Question

Find the mean, variance, and the standard deviation for the binomial distribution given n = 50 and p = 0.73. Express the mean in tenths like 12.3 and the variance and STD in thousandths.

a) Mean = 36.5, Variance = 9.161, STD = 3.026
b) Mean = 36.5, Variance = 6.255, STD = 2.504
c) Mean = 36.5, Variance = 4.258, STD = 2.064
d) Mean = 40.5, Variance = 5.458, STD = 2.334

Answer 1

The mean, variance, and standard deviation of a binomial distribution can be calculated using the formulas μ = n * p, σ² = n * p * q, and σ = √(Variance).
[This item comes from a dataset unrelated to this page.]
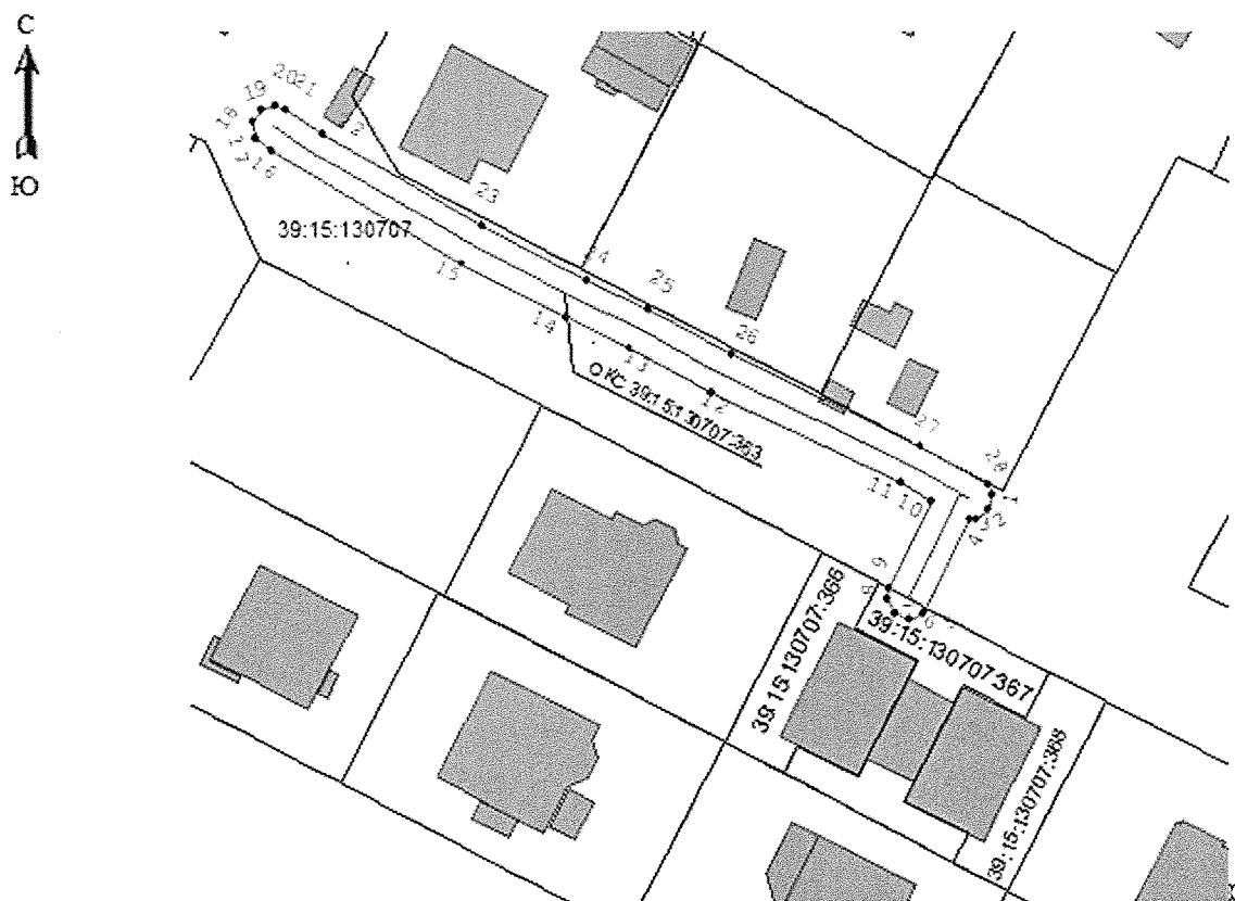
Условные обозначения: ¶

Графическое описание местоположения границ охранной зоны газораспределительной сети: «Участок газопровода низкого давления до границ земельного участка с КН 39:15:130707:28 по ул. Владимирской, 17 в г. Калининграде для газоснабжения объекта капитального строительства» расположенный по адресу: Калининградская область, г. Калининград, ул. Владимирская, кадастровый (или условный) номер 39:15:130707:363.

For the given values of n = 50 and p = 0.73, the mean is 36.5, the variance is 9.161, and the standard deviation is 3.026.

Step-by-step explanation:

To find the mean, variance, and standard deviation of a binomial distribution, we use the following formulas:

Mean (μ) = n * p = 50 * 0.73 = 36.5

Variance (σ²) = n * p * q = 50 * 0.73 * 0.27 = 9.161

Standard Deviation (σ) = √(Variance) = √(9.161) ≈ 3.026

Therefore, the correct option is a) Mean = 36.5, Variance = 9.161, Standard Deviation = 3.026.